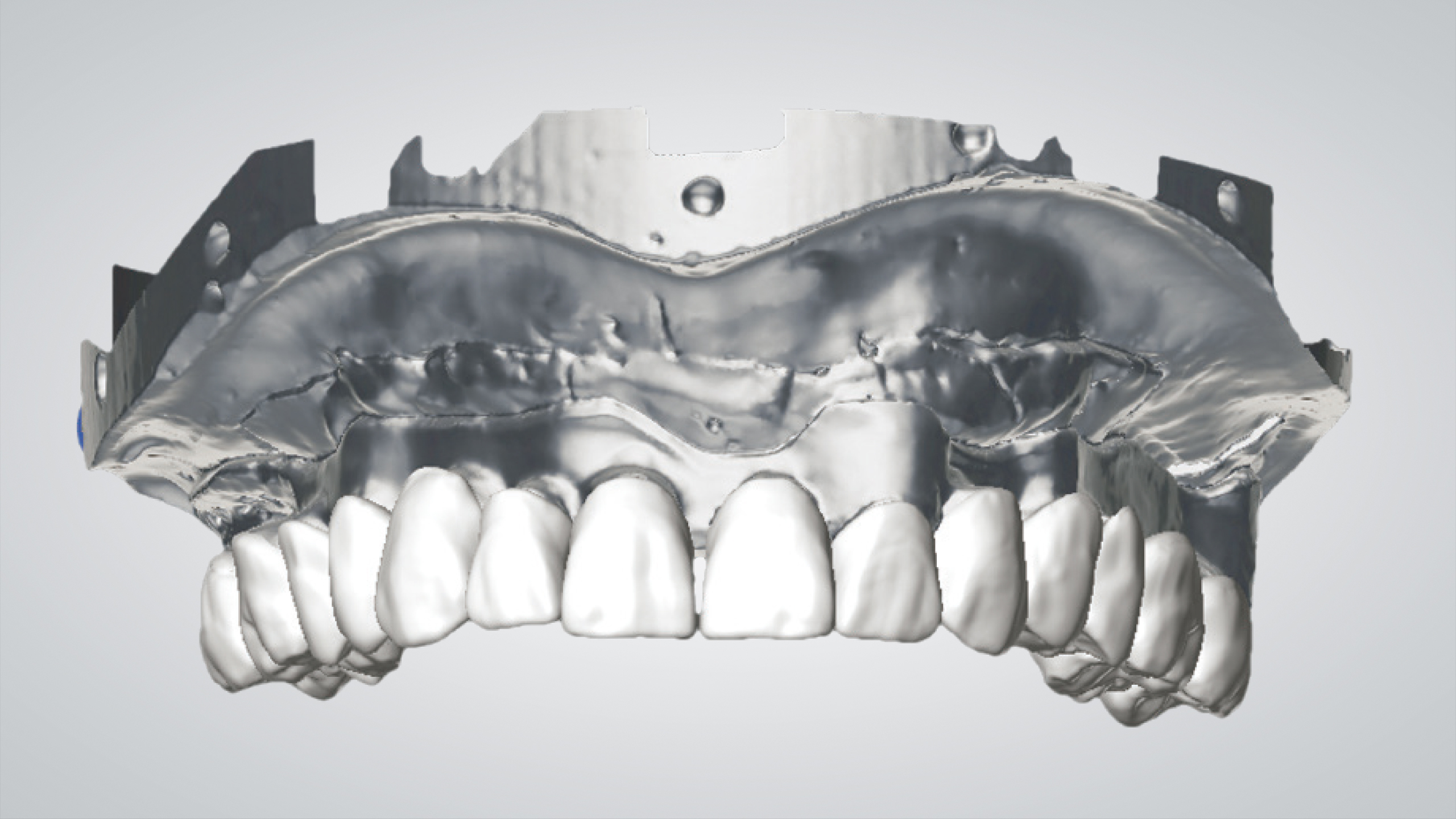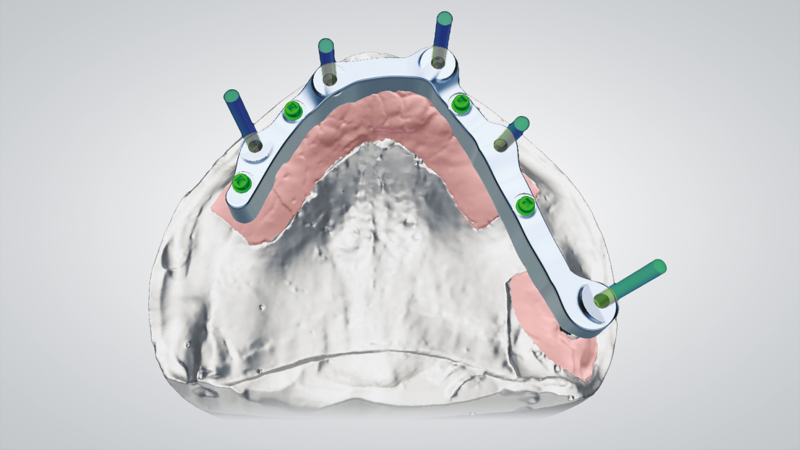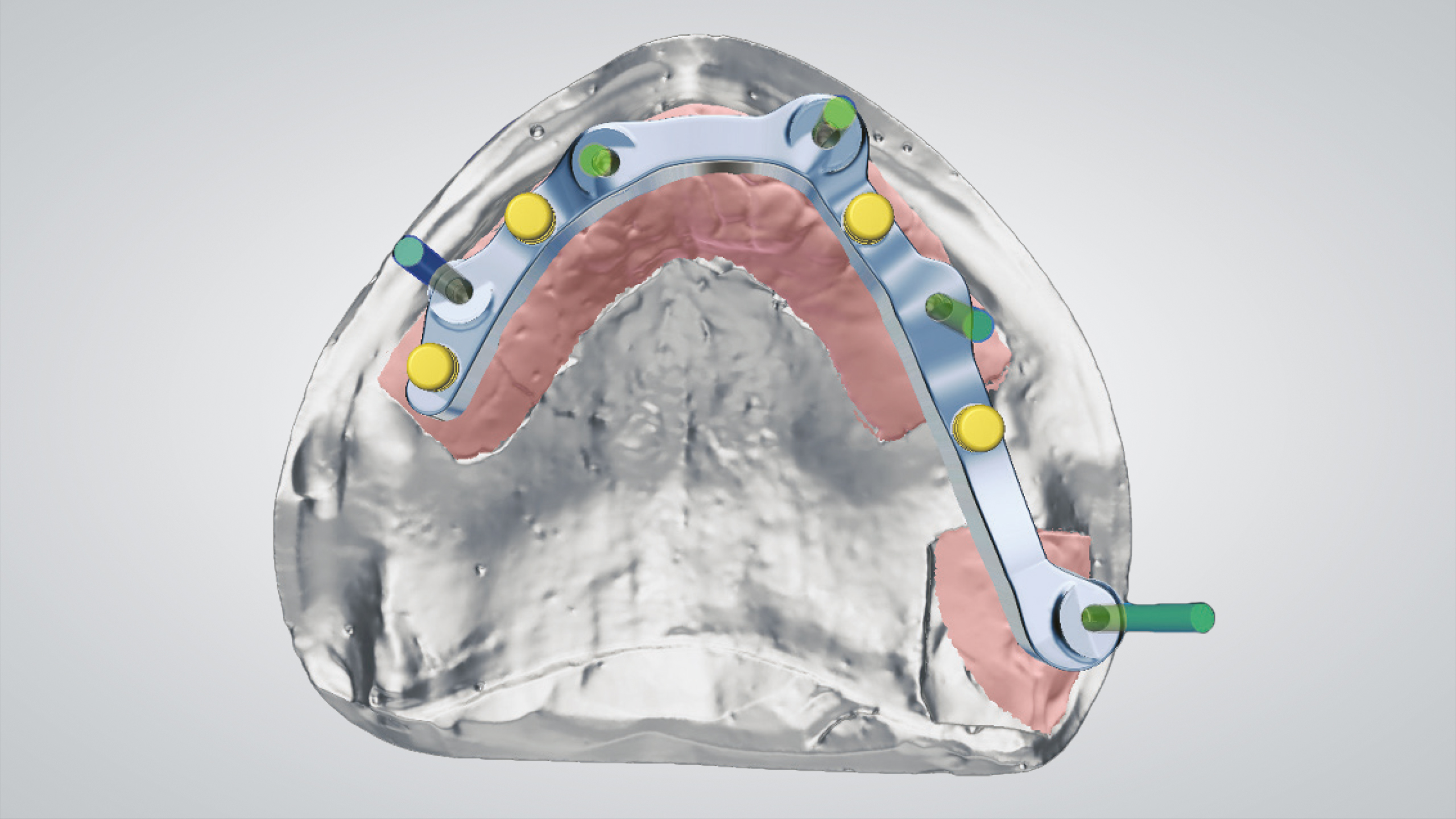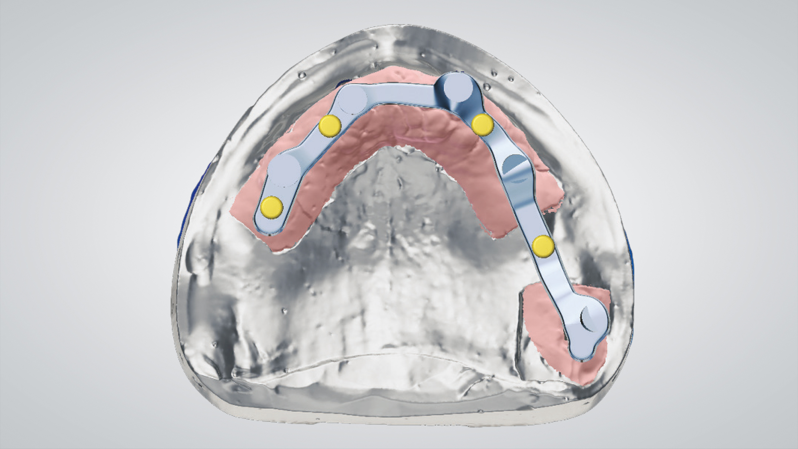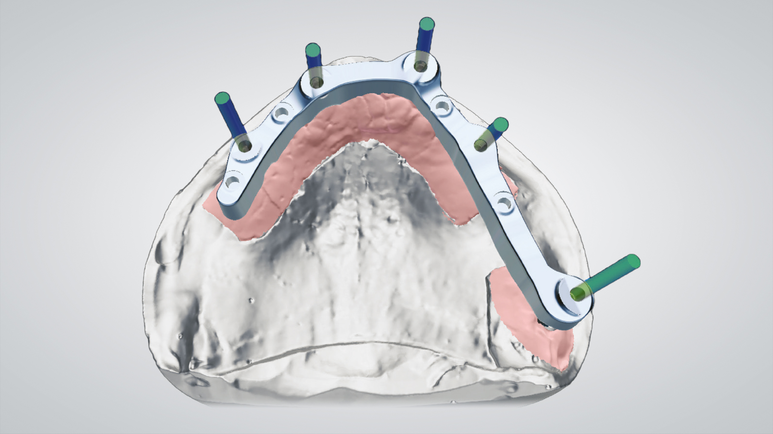 Der Einsatz von CAD ermöglicht es, eine bereits entworfene Prothese in eine ästhetischere und funktionellere zu verwandeln. Die Wahl fiel auf die abgewinkelten IPD Multi-Unit-Abutments, die eine ausgezeichnete mechanische Verbindung mit jedem auf dem Markt erhältlichen Implantat ermöglichen, was zu einer Reduzierung der Lagerhaltung und der Kosten führt. Nach dem Einrasten des IPD Multi-Unit-Abutments in das Implantat werden sie mit einer IPD-Hohlschraube temporär und mechanisch fixiert, um die Präzision zu gewährleisten. Die Scankörper wurden gescannt, der Steg wurde CAD-gestützt designt, lasergesintert und dann im Labor poliert. Es folgte ein weiterer Scan des Stegs, der uns die CAD-Konstruktion des Prothesengerüsts ermöglichte, wobei wir berücksichtigten, dass eine strenge Passung auf dem Steg erforderlich war. Dank der OT-Equator (Rhein83)-Attachments mit niedrigem Profil war die Prothese stabil, saß präzise auf dem Steg und ließ sich abnehmen.
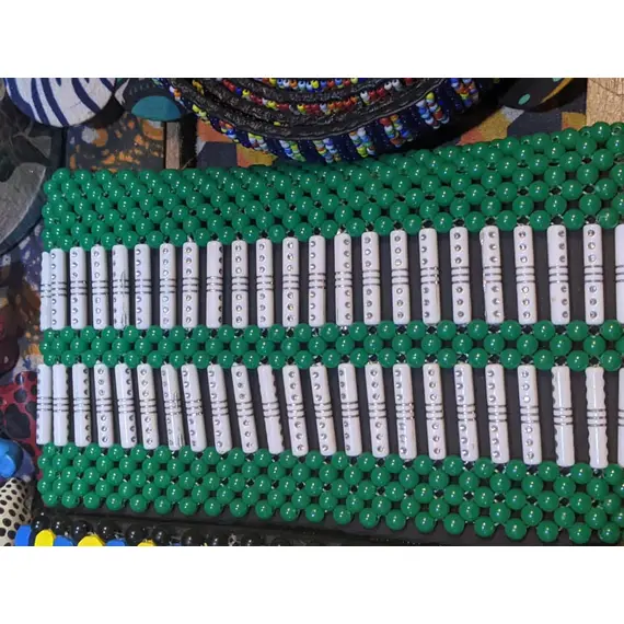 Stylish and chic, the MUNYANA Green & White Acrylic Beaded Clutch is perfect for parties, weddings, and casual outings. Featuring a bead string design, it offers both elegance and practicality.
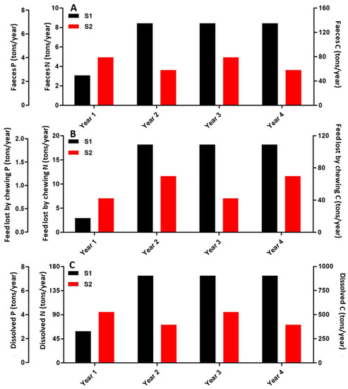 Regarding particulate waste, the most abundant waste fraction differs depending on the nutrient, but regardless of the farming strategy (Figure 3A,B), there is more C and P waste in F (S1: 141 and 7 tons/year of C and P, respectively; S2: 79 and 3 tons/year of C and P, respectively) than in Fch (S1: 111 and 2 tons/year of C and P, respectively; S2: 71 and 1 tons/year of C and P, respectively), whereas the opposite is true for N waste, with Fch experiencing more N waste (S1: 18 tons/year of N; S2: 11 tons/year of N) than F (S1: 8 tons/year of N; S2: 5 tons/year of N). In year 1, the differences between S1 and S2 are particularly noticeable for the three nutrients in Fch, with S2 having concentrations that are about 60% higher (Figure 3B; Table 1).

• **Problem description**
Omit every picture while printing the data word for word.

• **Answer to this task**
 Der Einsatz von CAD ermöglicht es, eine bereits entworfene Prothese in eine ästhetischere und funktionellere zu verwandeln. Die Wahl fiel auf die abgewinkelten IPD Multi-Unit-Abutments, die eine ausgezeichnete mechanische Verbindung mit jedem auf dem Markt erhältlichen Implantat ermöglichen, was zu einer Reduzierung der Lagerhaltung und der Kosten führt. Nach dem Einrasten des IPD Multi-Unit-Abutments in das Implantat werden sie mit einer IPD-Hohlschraube temporär und mechanisch fixiert, um die Präzision zu gewährleisten. Die Scankörper wurden gescannt, der Steg wurde CAD-gestützt designt, lasergesintert und dann im Labor poliert. Es folgte ein weiterer Scan des Stegs, der uns die CAD-Konstruktion des Prothesengerüsts ermöglichte, wobei wir berücksichtigten, dass eine strenge Passung auf dem Steg erforderlich war. Dank der OT-Equator (Rhein83)-Attachments mit niedrigem Profil war die Prothese stabil, saß präzise auf dem Steg und ließ sich abnehmen.
 Stylish and chic, the MUNYANA Green & White Acrylic Beaded Clutch is perfect for parties, weddings, and casual outings. Featuring a bead string design, it offers both elegance and practicality.
 Regarding particulate waste, the most abundant waste fraction differs depending on the nutrient, but regardless of the farming strategy (Figure 3A,B), there is more C and P waste in F (S1: 141 and 7 tons/year of C and P, respectively; S2: 79 and 3 tons/year of C and P, respectively) than in Fch (S1: 111 and 2 tons/year of C and P, respectively; S2: 71 and 1 tons/year of C and P, respectively), whereas the opposite is true for N waste, with Fch experiencing more N waste (S1: 18 tons/year of N; S2: 11 tons/year of N) than F (S1: 8 tons/year of N; S2: 5 tons/year of N). In year 1, the differences between S1 and S2 are particularly noticeable for the three nutrients in Fch, with S2 having concentrations that are about 60% higher (Figure 3B; Table 1).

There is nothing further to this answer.